But critics still wonder how such a scandal could emerge under the city’s nose.

“There’s culpability at the city level,” said condo owner Renee Tarnow, who complained to building officials in 2002 after discovering she had bought an illegal unit. Her concern turned to frustration as the city’s investigation stretched from months to more than a year.

“I can’t point my finger at any one person specifically,” she said, “but someone called off the dogs.”

Tarnow is a typical victim in the scam, which eventually roped in 122 units.

Thinking they were buying legal condominiums, people instead were buying apartments that hadn’t been properly converted. As a result, many owners still cannot sell or refinance their units, and face thousands of dollars in remodeling expenses to meet condo standards, including having separate utility systems.

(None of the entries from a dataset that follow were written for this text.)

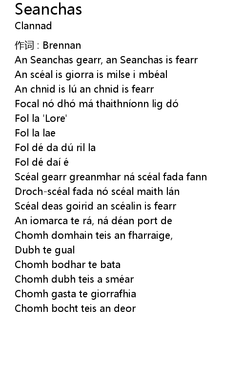| Focal nó dhó má thaithní onn lig dó | |
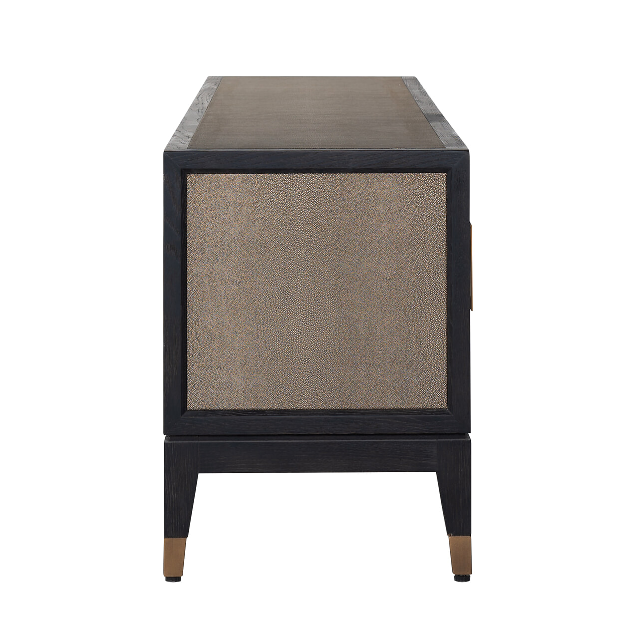 - Materiaal: Frame van Zwart Eikenhout, zij, boven en fronten bekleed met segrijn / faux roggehuid van PU-leder
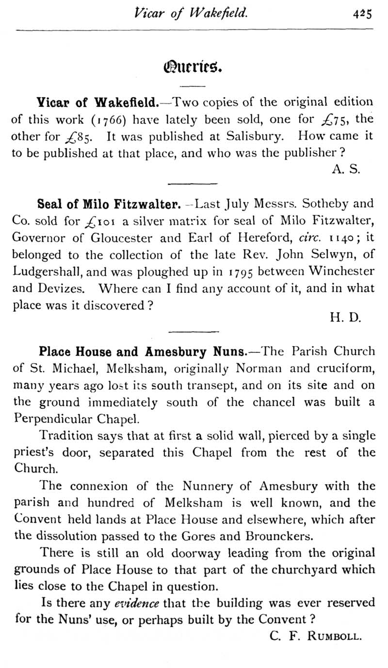 Chapter 10 Isaac Walton; Records of Wiltshire Parishes; Feet of Fines for Wiltshire; Quakerism in Wiltshire; Corr of Aldbourne; De Chyrebury of Seend; Houlton-Selfe; The Form 'Sarum'; John Noyes of Calne; Queries; Replies; Notes on Books
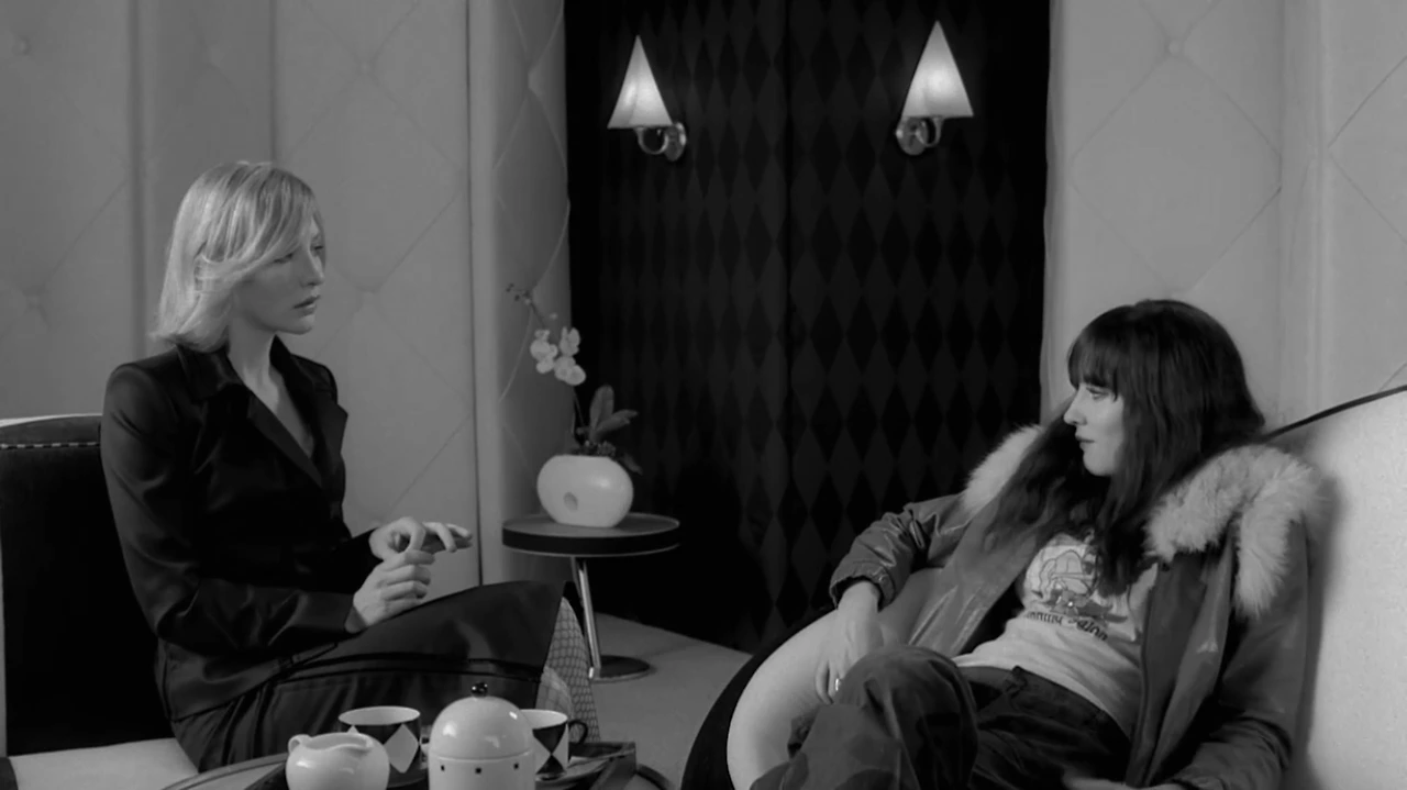 유명한 배우인 케이트와 하나도 안 유명한 밴드를 하는 애인을 둔 쉘리. 스타일이나 성격부터 여러 모로 안 맞아 보이는 그들은 사촌이다. 약간의 가식과 진심과 종종 뼈가 있는 짧은 대화를 주고받은 후 헤어진다. <커피와 담배>(2003) 속 이야기 ‘Cousins’. 줄거리다. 별 거 없다. 그러나 이들을 지켜보며 관객은 숨을 죽이고 애매한 미소를 짓게 된다. 기본적으로, 사소하고 보편적인 감정과 태도를, 애정이 담긴 시선으로 담은, 디테일이 전부인 각본이 있다. 짐 자무쉬는 배우의 자연스러운 개성이 찌질한 매력이 되도록 캐릭터를 만든다. 그 디테일과 개성을 살리는 건 당연하게도 배우들,이며, 이 경우엔 한 배우, 케이트 블란쳇이다.
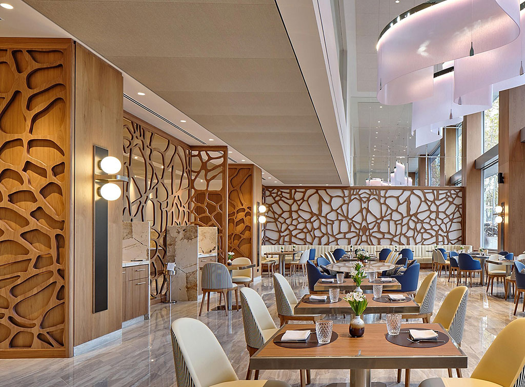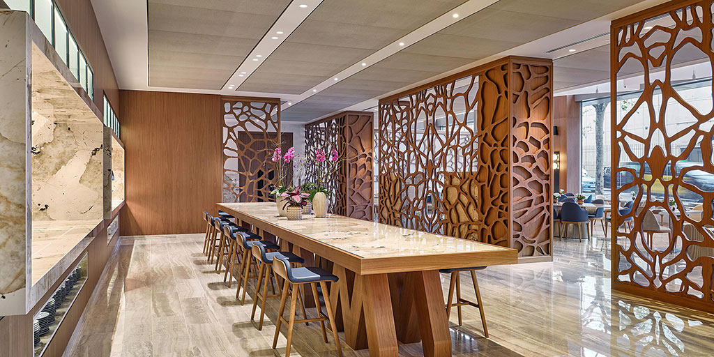 Cada mueble, cada lámpara, incluso las alfombras y las obras de arte, son piezas únicas y hechas a medida, componiendo un diseño atemporal con momentos de sorpresa. Ejemplo de ello son los mosaicos en los suelos, con patrones y líneas que recuerdan distintos elementos de la ciudad, y la utilización de muchos materiales nobles como maderas, mármoles o telas.

In addition to the former mayor, the scandal has netted a prominent real estate agent who advertised himself as the go-to guy for the conversions. As housing prices surged in Orange County, many of those selling the condos in mostly triplexes and fourplexes in Huntington Beach scored huge profits.

Real estate agent Phil Benson was sentenced Friday to 70 months in federal prison on 24 fraud counts -- which his attorney called a death sentence. Benson, who lives in Idaho, has lung cancer and has been given six months to live.

Residents who bought some of the tainted units accused city officials of failing to take steps to protect them. Of 47 condo sales detailed in the federal indictment, 35 were illegally converted after a city building inspector sounded the alarm about improper work in May 2001.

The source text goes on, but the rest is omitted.